I didn’t understand much of what he said and less of why I needed to know.

He continued, “Mold some C4 around a magnet, insert a detonator, and slap it on the side of a hull of one of those ships, and… boom!”

“How do you get close enough to put them on the side of a ship that has hundreds of men with guns shooting at you?”

“I’d suggest you do it fast,” he said without smiling. “Before they can shoot your ass.”

Sue stepped in front of me as if protecting me, which she was probably doing. She said, “Why don’t you go ahead and put them on a few ships and show us how it’s done?”

He smiled. “I was thinking the same thing. In the old days, I’d scuba to the ships, but things are different. No tanks or trained men. We could use fast boats to approach, but it only takes one bullet to sink us and then those on the ships can shoot at us for practice while we’re swimming away. We need to find another way.”

She glanced my way, “Captain Bill used kayaks for his midnight raids,” she turned to me. “Didn’t you?”

I nodded as he snapped his fingers and said, “That will work, Captain. Their radar won’t see us, and we can dart in, plant the C4 and escape. Can you get me some men?”

My instinct was to explain I had no idea what to do, so they needed to stop asking for my advice. But his idea with the kayaks and explosives sounded good. I stepped up on the bumper of a car and called out as if I was actually in charge of something, “I need ten good men who are familiar with small boats.”

Several approached and I motioned for them to talk with the SEAL. I overheard one say that there were several kayaks in storage at the marina. They huddled together as we watched more of the invader’s gunboats from other ships join with the first group.

One took charge, and together, they sped in our direction. Each was loaded with soldiers in full battle-dress. Their upper bodies were disproportionate, which probably meant bulletproof vests or life jackets or both. All wore helmets.

Their first problem was that the surface of the pier was probably twenty feet higher than the water. A few metal ladders would let them climb up, one by one. The first gunboats cruised past the pier as the men aboard fired automatics and the machine guns on the bow in our direction. Everyone hit the ground, but I didn’t see any casualties.

A gunboat pulled up to each ladder as five ran aground on the beach to the south side of the pier and men piled out. We had men positioned near there and a war broke out. As each invader reached the top of the ladders, he was met with a dozen shots, some of them fatal, despite the body-armor. After a few deaths at each ladder, no more appeared. The gunboats backed off and streaked past time after time, spraying a lot of bullets in our direction, with few hits.

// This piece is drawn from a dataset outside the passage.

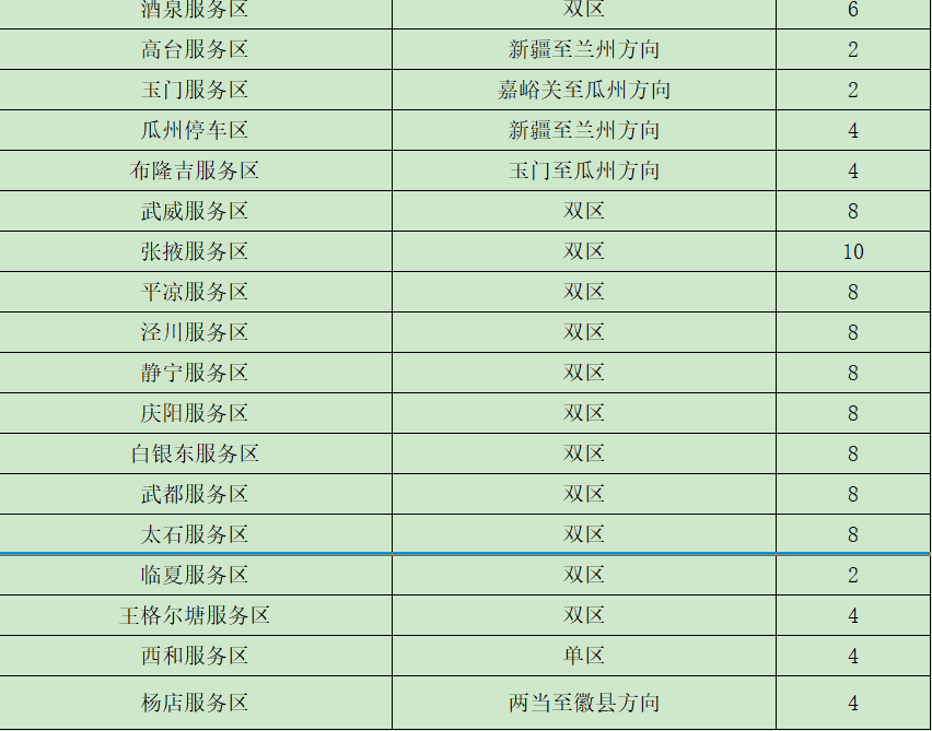 (二)重點客運車站班線。省內(nèi)二級及以上客運站正常營運,以省會城市、人口密集市縣的站點及之間的班線為重點。如:蘭州客運東站、南站,天水汽車站等站點以及蘭州—定西、蘭州—西峰、臨洮—平川、舟曲—武都、金昌—武威等客運班線。 (三)車流量較大服務(wù)區(qū)。預(yù)計我省車流量較大服務(wù)區(qū)為定西服務(wù)區(qū)、酒泉服務(wù)區(qū)、武威服務(wù)區(qū)、高臺服務(wù)區(qū)、長城驛服務(wù)區(qū)、靜寧服務(wù)區(qū)、會寧服務(wù)區(qū)、太石服務(wù)區(qū)、蘭州北服務(wù)區(qū)、接駕嘴服務(wù)區(qū)、永登服務(wù)區(qū)。

At the edge of the pier, a man, one of ours stood up, a long green tube held to his shoulder. He peered through an eyepiece, steadied the unit, and pulled his trigger. A streak of flame shot from the rear, as well as another from the front. A spear of fire lanced a half-mile to the closest ship.

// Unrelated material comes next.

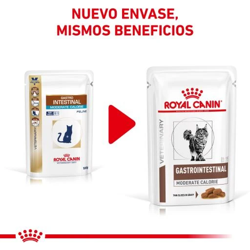 GASTRO-INTESTINAL MODERATE CALORIE is a complete dietetic feed for the nutritional management of cats formulated to reduce acute intestinal absorption disorders, and as compensation from maldigestion.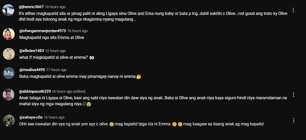 Ngunit ang netizens, may mga haka-haka sa totoong ibig sabihin ni Ligaya. Ang iba, sinabing maaaring magkapatid talaga sina Olive at Emma, habang ang iba naman ay sinabing baka pinagpalit din nito ang dalawa noong mga sanggol pa lang.

It hit ten feet above the waterline, blowing a hole large enough to drive a pickup through. A concussion loud enough to physically jar us came next. But it was too far above the waterline to let the sea rush inside. I hoped we had a hundred more rockets stored close to the waterfront.

Flames erupted inside the darkness within the ship and quickly spread. The black hole turned orange. Another small explosion told us the shell must have found something else to blow up or the flames reached explosives, fuel, or the like.

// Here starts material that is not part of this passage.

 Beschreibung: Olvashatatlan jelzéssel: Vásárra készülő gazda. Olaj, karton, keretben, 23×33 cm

More flames licked the outer part of the hull and as the man reloaded his weapon, the first flames reached the main deck. The second shell entered the side of the next ship, entering below where the gunboats had emerged, very near the waterline. Cheering broke out behind me.

There was the initial explosion again, quickly followed by another, far larger. The side of the ship was torn open and water poured inside. In no time, the ship listed to one side, and men by the hundreds were leaping into the water from it.

The pier broke out in louder cheers and jeers. The fire on the first ship rose up the superstructure as men with firehoses fought to extinguish it and lost the battle. A few of them leaped off, then more.